§ **THE TASK**:
Leaving out the images, repeat all the lines below exactly.

§ **INFORMATION PROVIDED**:
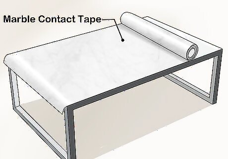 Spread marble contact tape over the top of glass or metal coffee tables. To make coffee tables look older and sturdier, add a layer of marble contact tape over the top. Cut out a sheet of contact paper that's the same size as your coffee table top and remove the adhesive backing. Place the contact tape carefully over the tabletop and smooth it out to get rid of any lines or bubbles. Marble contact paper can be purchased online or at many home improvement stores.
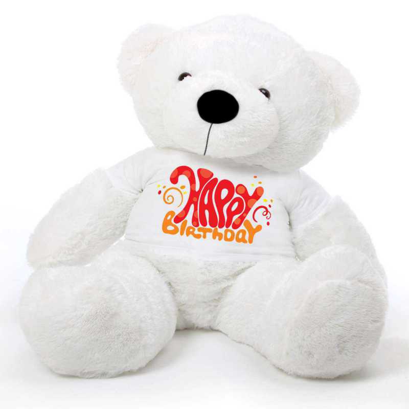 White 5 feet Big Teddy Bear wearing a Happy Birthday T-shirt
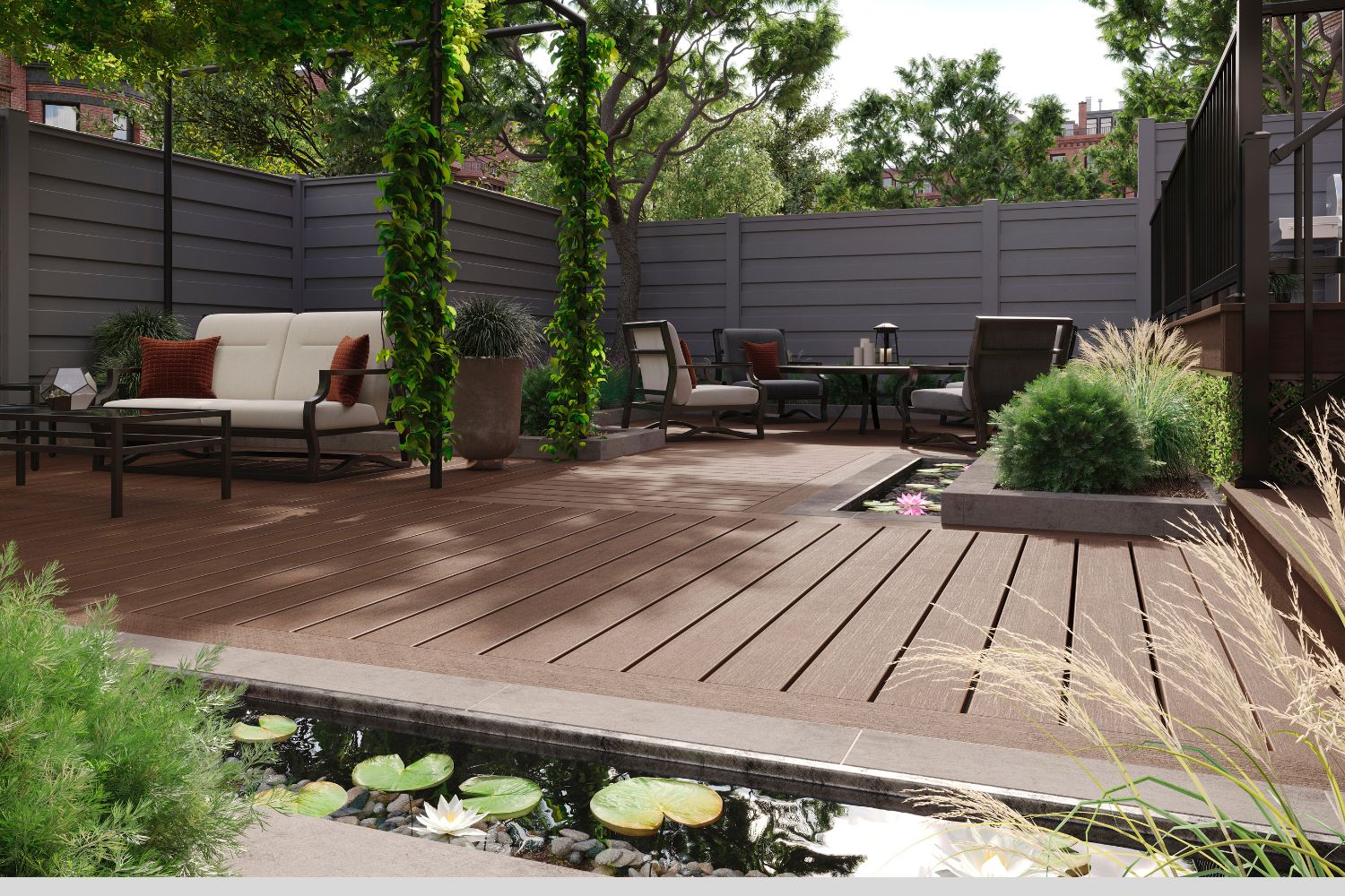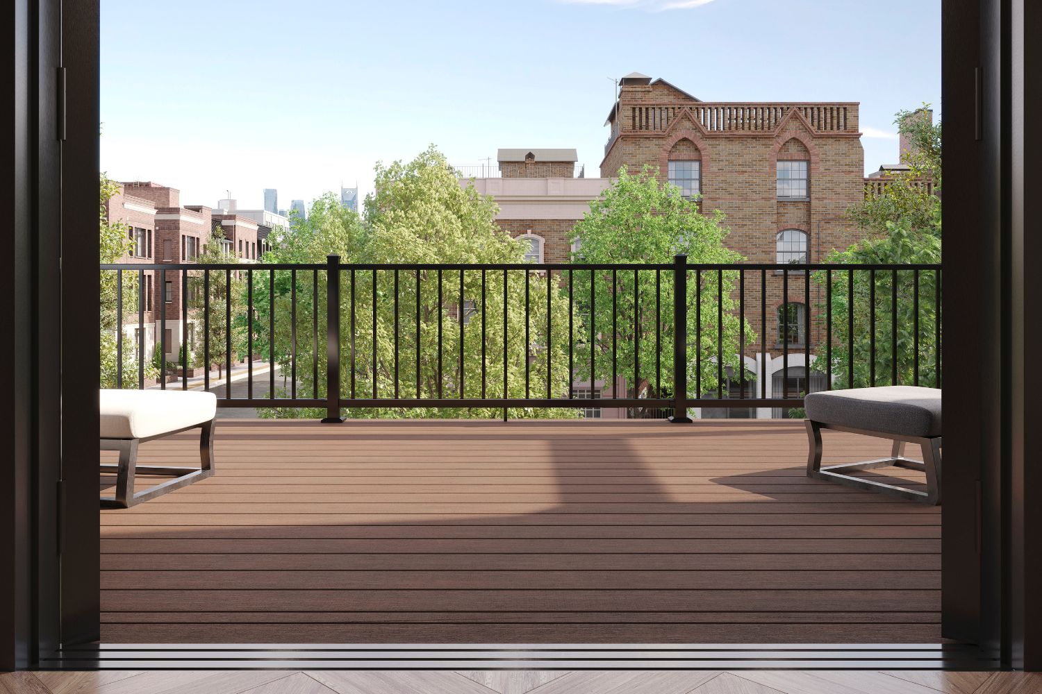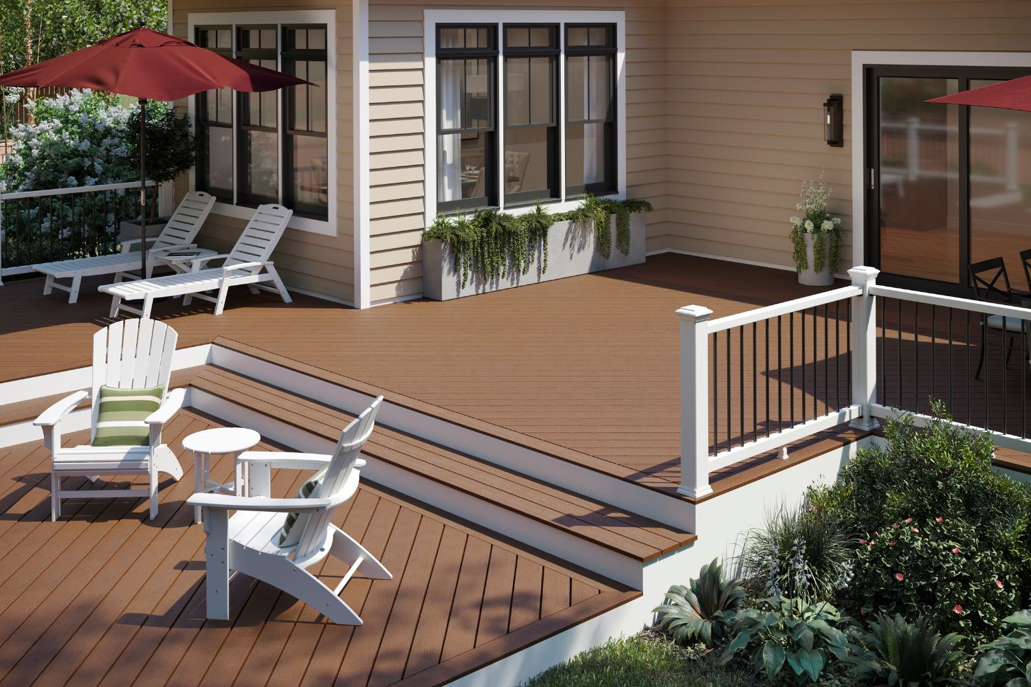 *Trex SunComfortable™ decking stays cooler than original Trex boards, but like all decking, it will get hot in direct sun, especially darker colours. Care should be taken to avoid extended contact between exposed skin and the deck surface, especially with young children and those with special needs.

§ **RESULT OF THE EXERCISE**:
 Spread marble contact tape over the top of glass or metal coffee tables. To make coffee tables look older and sturdier, add a layer of marble contact tape over the top. Cut out a sheet of contact paper that's the same size as your coffee table top and remove the adhesive backing. Place the contact tape carefully over the tabletop and smooth it out to get rid of any lines or bubbles. Marble contact paper can be purchased online or at many home improvement stores.
 White 5 feet Big Teddy Bear wearing a Happy Birthday T-shirt
 *Trex SunComfortable™ decking stays cooler than original Trex boards, but like all decking, it will get hot in direct sun, especially darker colours. Care should be taken to avoid extended contact between exposed skin and the deck surface, especially with young children and those with special needs.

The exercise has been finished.